The $75 Billion Bet: Inside Revolut’s Unprecedented Rise and What It Means for the Future of Banking

A fintech company just became more valuable than Deutsche Bank, Barclays, and Société Générale combined. And surprisingly, most people still don’t know its name well enough.

On November 24, 2025, Revolut closed a massive secondary share sale, valuing the London-based neobank at an astonishing $75 billion. That’s a 66% jump from its last valuation placing Revolut among the world’s most valuable private tech companies, outranking giants like SpaceX, Stripe, and nearly every major European financial institution.

But the most surprising part?
Some of the world’s most powerful tech investors are now fighting for a piece of what skeptics once dismissed as “just another banking app.”

The Deal That Shocked Wall Street

 

The sale was co-led by an elite group of investors including Coatue, Greenoaks, Dragoneer, and Fidelity.
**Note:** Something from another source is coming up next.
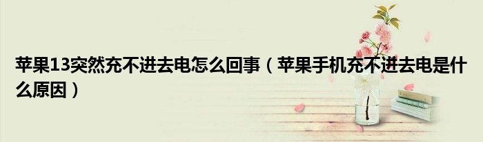 关于苹果13突然充不进去电怎么回事,苹果手机充不进去电是什么原因这个很多人还不知道,今天菲菲来为大家解答以上的问题,现在让我们一起来看看吧!

But the shocker that grabbed global headlines was the participation of:

  • Andreessen Horowitz (a16z)

  • Franklin Templeton

  • Nvidia’s NVentures

Yes—Nvidia, the AI chip titan dominating Wall Street and driving the global AI boom, is now investing in a neobank.

This wasn’t a traditional fundraise. No new money went into Revolut’s accounts. Instead, existing shareholders sold their stakes to new investors—a sign that major financial players were eager to buy in, even if it meant purchasing shares from insiders rather than funding Revolut directly.

For early backers, it was a massive payday.
For new investors, it was a statement: Revolut isn’t just a fintech—it’s the future of finance.

 

Revolut is bringing credit card benefits to debit customers | WIRED

From Travel Card to Global Financial Super-App

Revolut’s origin story is almost humble.

Founded in 2015 by Nikolay Storonsky and Vlad Yatsenko, the startup began with a simple mission:
make international currency exchange cheaper for travelers.

Revolut launched as a prepaid debit card offering interbank exchange rates—a lifesaver for frequent travelers tired of being overcharged by traditional banks.

But what followed was something even Revolut might not have fully predicted.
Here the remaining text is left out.